I wrote a second script that included delays between loading pages (just 10-15 seconds, some longer pauses every 10 pages or so) and it ran for a whole day without being blocked.

ctide · on May 11, 2011

I've done a lot of scraping on a variety of projects, and basically as long as you keep your scrapers from going out of control, you won't get banned.
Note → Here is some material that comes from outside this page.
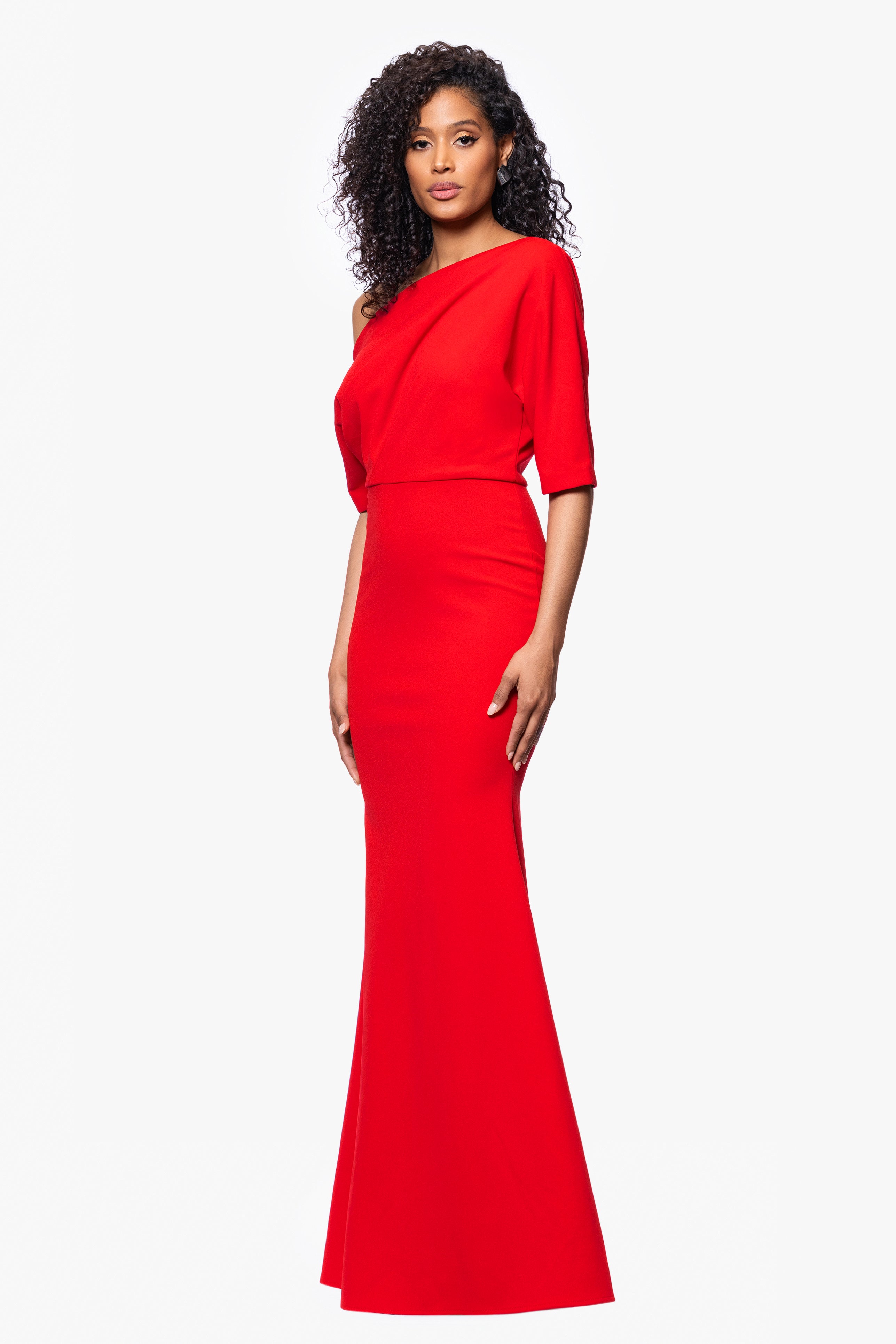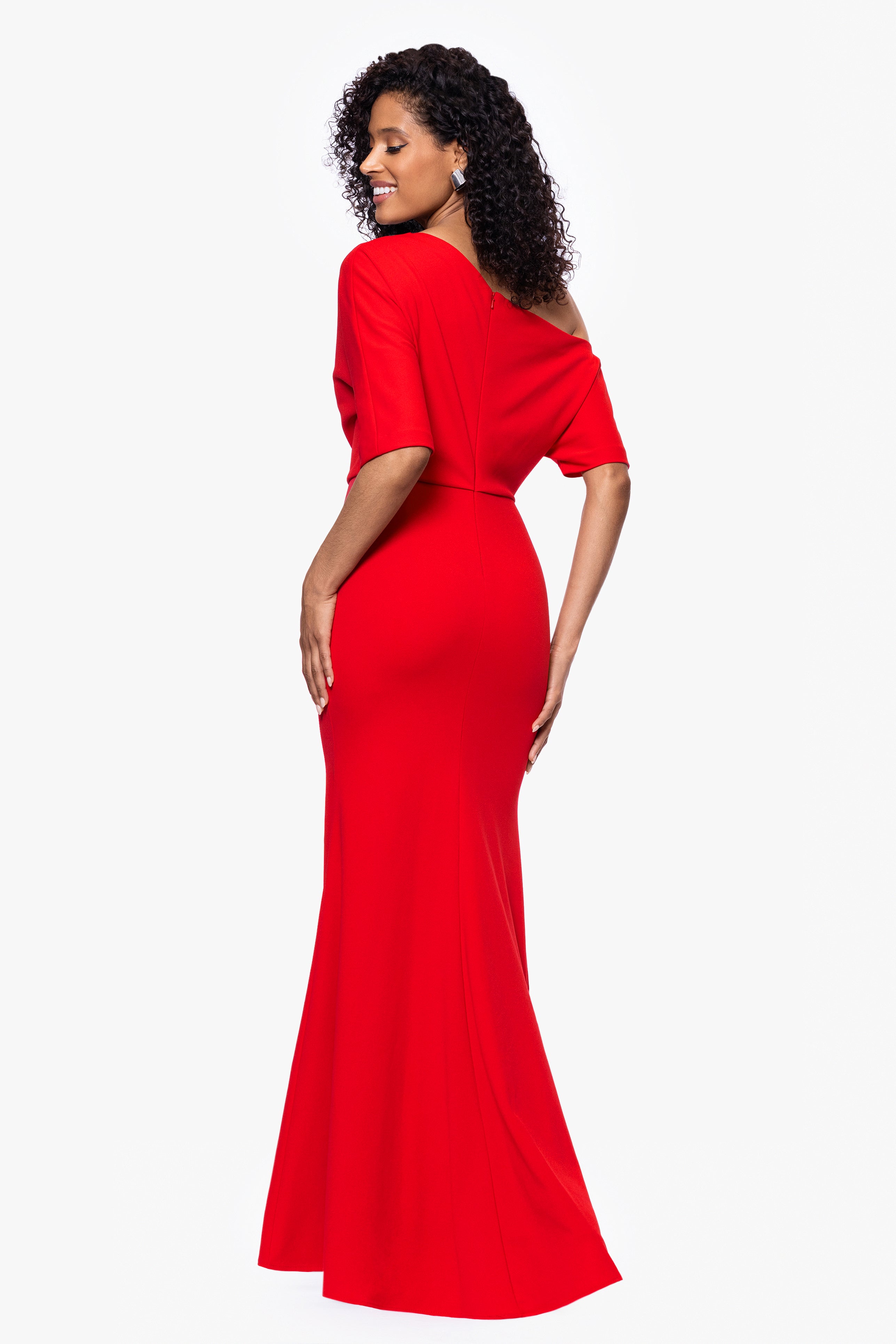 "Madeline" Long Scuba Crepe Off the Shoulder Drop Dress

thibaut_barrere · on May 11, 2011

Each time I had to use scraping (like for http://hackerbooks.com or http://learnivore.com) I choosed to ask the owner first. I think it's better to get in touch and just ask.

tszming · on May 11, 2011

Just an (evil) idea: Create some free iPhone app/game, scrape the site in user's iPhone and send to your server.

gtani · on May 11, 2011

Less evil: read about how duckduckgo uses Boss and Bing APIs

http://www.gabrielweinberg.com/blog/2010/08/thoughts-on-yaho...

-----------------

and check http://www.reddit.com/r/datasets and infochimps, maybe dataset is already out there

--------------------

and ...never spider from home, you'll always screw something up: referrer HTTP header, user agent, random wait time between requests,

http://streamhacker.com/2010/10/04/perils-web-crawling/

http://news.ycombinator.com/item?id=2463058 see first comment

bengl3rt · on May 11, 2011

I thought of something similar, though less surreptitious. I run a website that relies on a fairly enormous quantity of scraped data. To keep its dataset current I need a huge, continuous scraping cluster. I thought about letting people run a little thing in their system tray so that when the network interface on their computer is idle, it becomes part of my scraping cluster. I would be completely upfront with them about what it is doing - it would serve as a non-monetary way for them to contribute meaningfully to the operation of my site.